Like any garden, your brain needs pruning and clearing of “weeds.” No pesticides needed, however. Your brain itself generates all the necessary compounds. Once you understand the process, you can help.

The compounds produced by your brain are called glial cells. They pass through your brain and “prune” your synaptic connections. The process is not arbitrary, however. The glial cells seem to know just which synaptic connections need pruning.

Researchers have identified a protein that assists in this process. It is called C1q, and it marks specific synaptic connections for removal. The glial cells recognize the mark, bond with the protein, and “prune” the connection.

So how does the C1q protein decide which synaptic processes to mark for deletion? Simple. It marks the ones that are least used.

That is why it is important for you to monitor what you are mindful of.

Step #2: Decide what thoughts you want to eliminate.

The thoughts you hold most often in your consciousness are the thoughts that are protected. The thoughts you hold less often are the ones that get marked for deletion.

For example, if you spend a lot of time criticizing yourself, and much less time encouraging yourself, imagine which process will be marked for deletion?
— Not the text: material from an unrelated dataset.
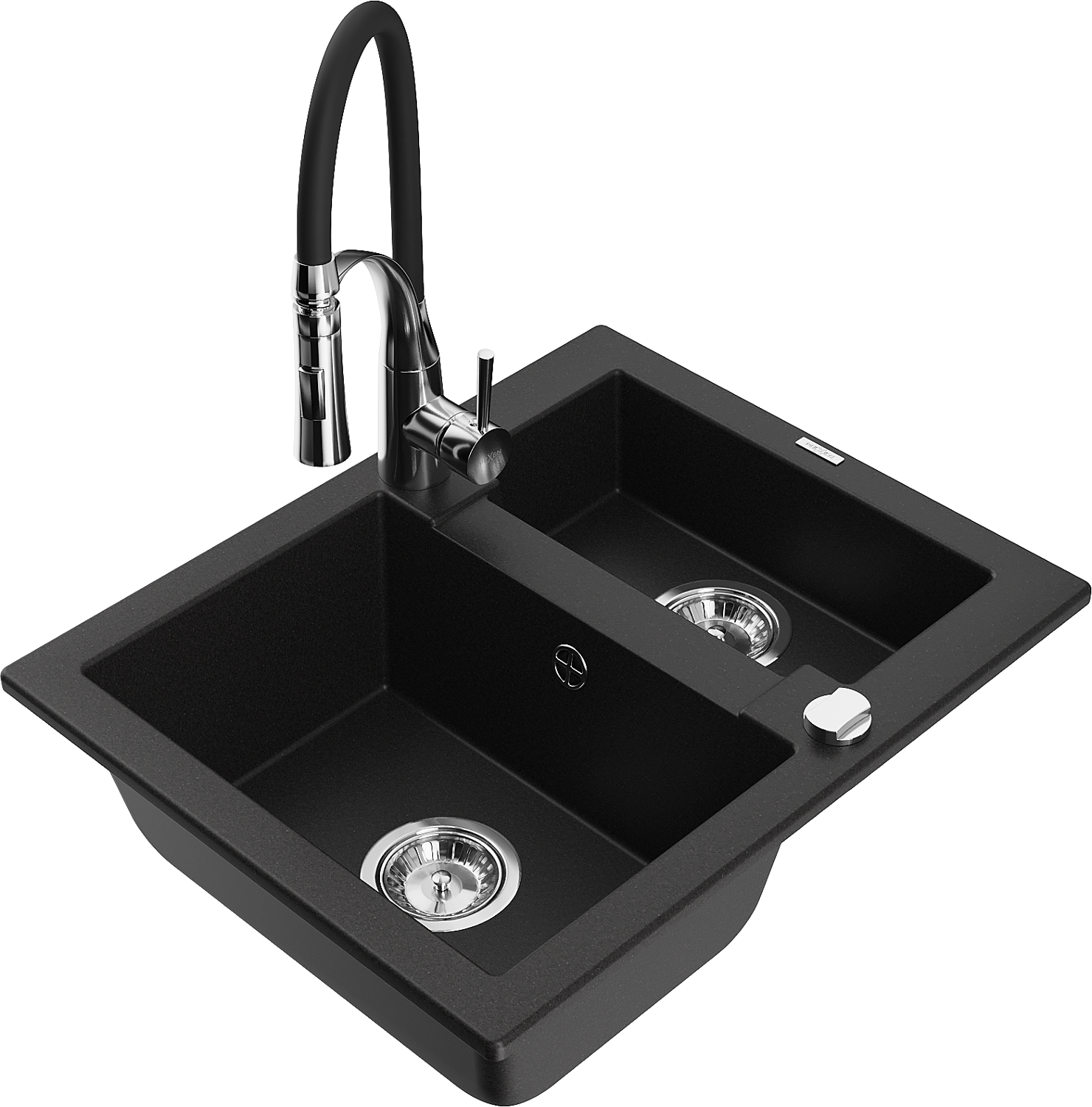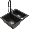 Mexen Carlos chiuvetă de bucătărie din granit cu 1,5 compartimente și robinet Aster, negru - 6518-77-73450-07

You can help increase your brain’s efficiency by focusing on the things that are truly important to you, and letting everything else fall to the wayside.

Step #3: Sleep.

As you are learning something new, your brain begins building a lot of connections. In the beginning, they are not very efficient, but as your brain goes through and prunes them, they become more streamlined and effective.
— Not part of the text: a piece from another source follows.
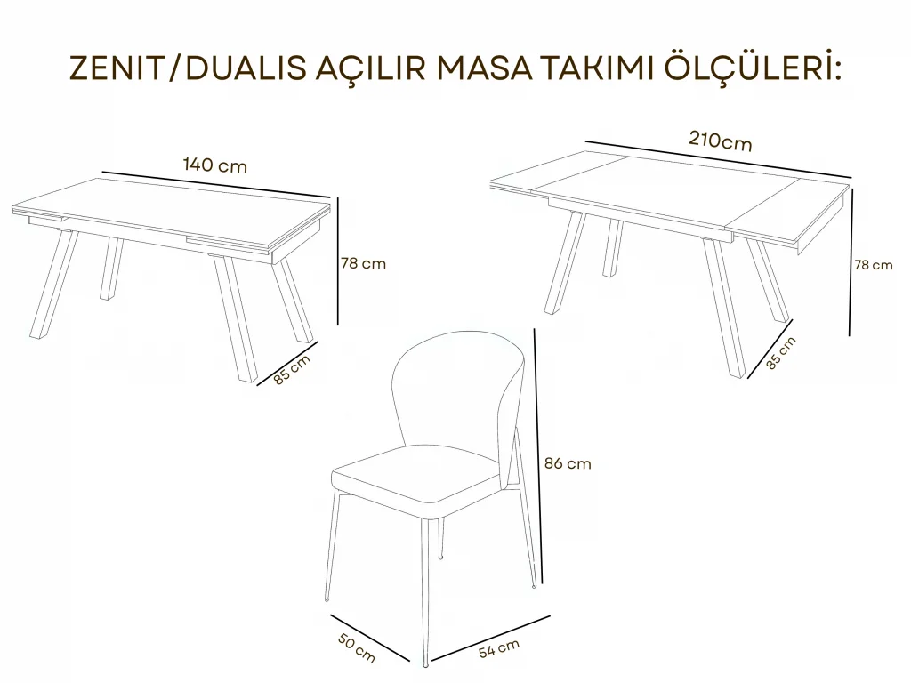 Zarif çizgileri ve fonksiyonel yapısıyla öne çıkan ZENIT / Dualis Açılır Masa Takımı, modern yaşam alanlarına şıklık ve kullanım kolaylığı kazandırır. Geniş aile yemekleri ya da misafir ağırlamaları için ideal olan bu set, açılır mekanizması sayesinde kalabalık anlarda ekstra alan yaratmanıza olanak tanır.

Sleep is critical for your brain to perform that function. While you sleep, your brain cells shrink, making room for the glial cells to do their job.

Step #4: Eat well.

The food you consume has a major impact on the efficiency of your brain. Include whole grain foods in your diet, as they release glucose slowly into the bloodstream, keeping you alert all day.

It is also important to consume omega-3 fatty acids. Oily fish like salmon, trout, mackerel and herring are a great addition to your diet, as they release EPA and DHA in a form your brain can use.